*** DATASET EXCERPT ***

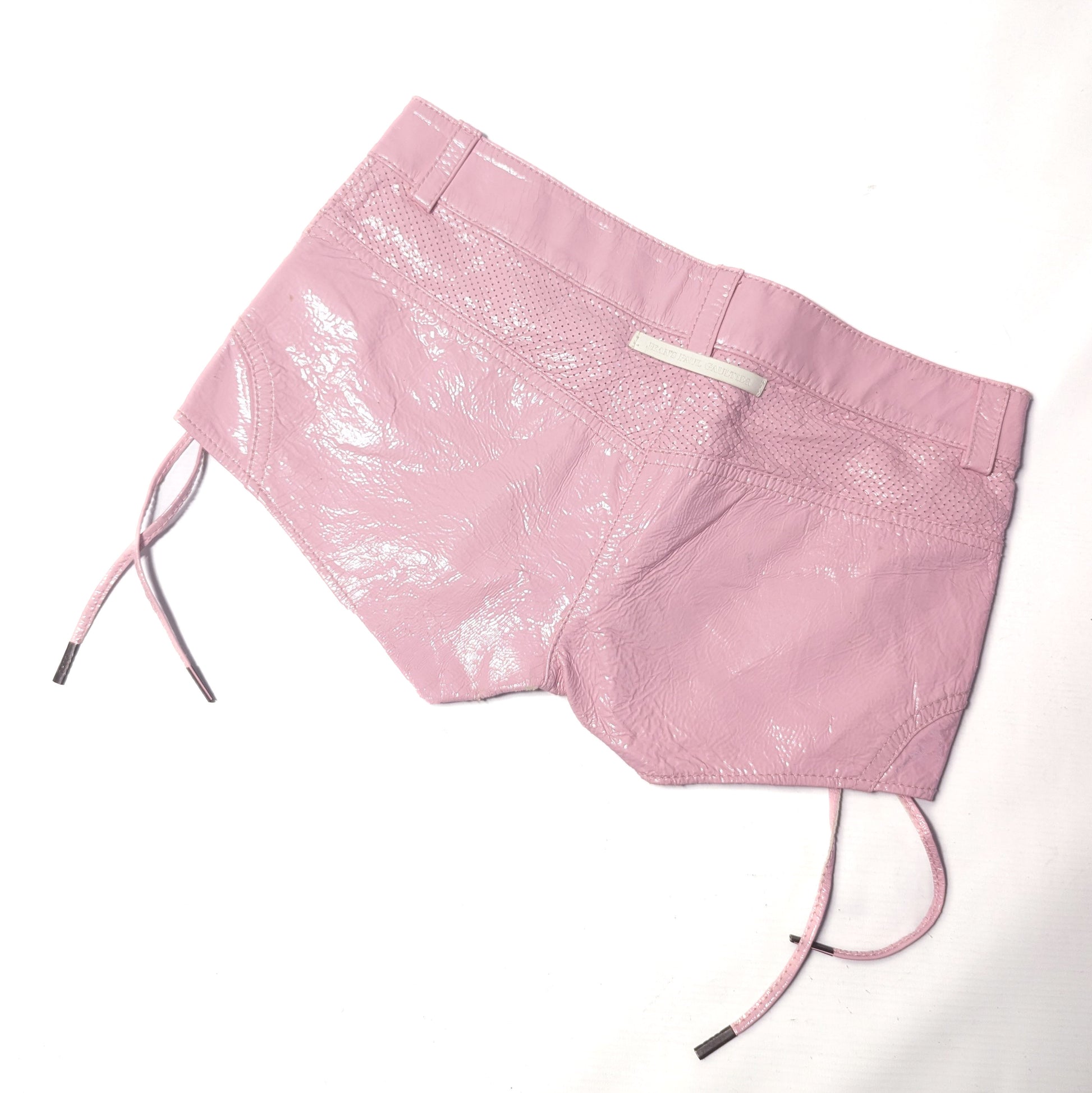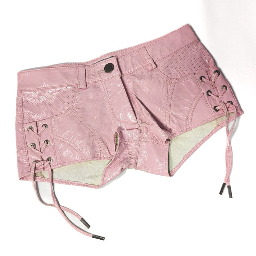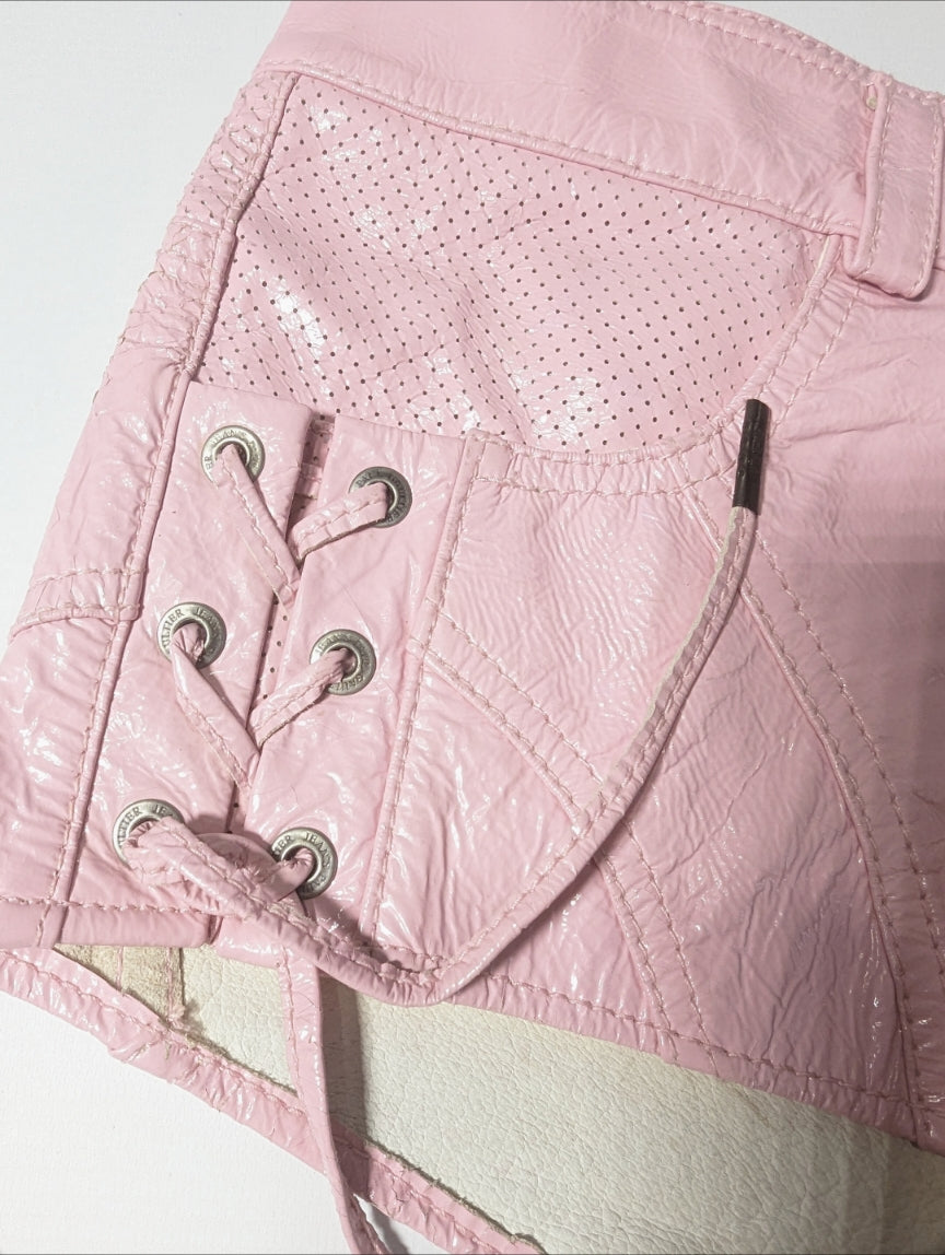 Item: Pink low-waisted leather shorts decorated with lace on each side and logo on the back.
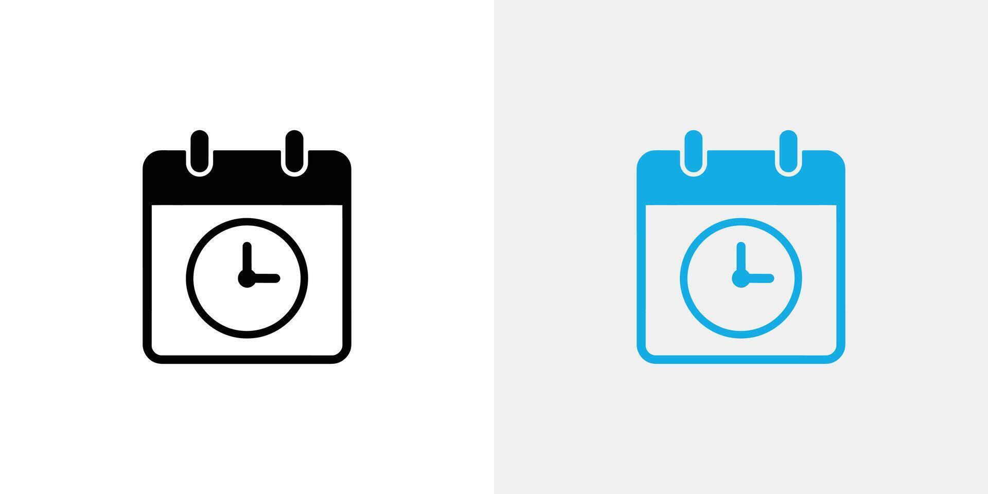 Black and Blue Calendar Icon with Clock on Light Background in Format Pro Vector
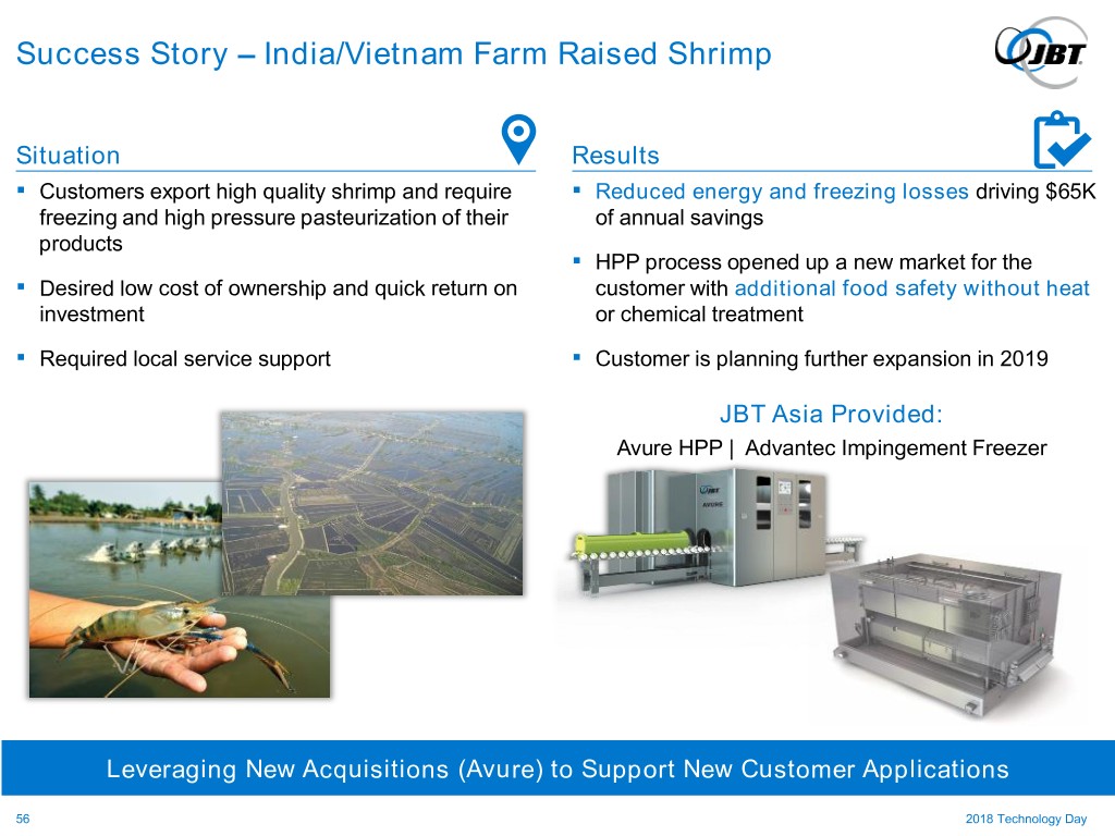 Success Story – India/Vietnam Farm Raised Shrimp Situation Results ▪ Customers export high quality shrimp and require ▪ Reduced energy and freezing losses driving $65K freezing and high pressure pasteurization of their of annual savings products ▪ HPP process opened up a new market for the ▪ Desired low cost of ownership and quick return on customer with additional food safety without heat investment or chemical treatment ▪ Required local service support ▪ Customer is planning further expansion in 2019 JBT Asia Provided: Avure HPP | Advantec Impingement Freezer Leveraging New Acquisitions (Avure) to Support New Customer Applications 56 2018 Technology Day

*** End of DATASET EXCERPT ***

Repeat the listing word for word, but without its pictures.

 Item: Pink low-waisted leather shorts decorated with lace on each side and logo on the back.
 Black and Blue Calendar Icon with Clock on Light Background in Format Pro Vector
 Success Story – India/Vietnam Farm Raised Shrimp Situation Results ▪ Customers export high quality shrimp and require ▪ Reduced energy and freezing losses driving $65K freezing and high pressure pasteurization of their of annual savings products ▪ HPP process opened up a new market for the ▪ Desired low cost of ownership and quick return on customer with additional food safety without heat investment or chemical treatment ▪ Required local service support ▪ Customer is planning further expansion in 2019 JBT Asia Provided: Avure HPP | Advantec Impingement Freezer Leveraging New Acquisitions (Avure) to Support New Customer Applications 56 2018 Technology Day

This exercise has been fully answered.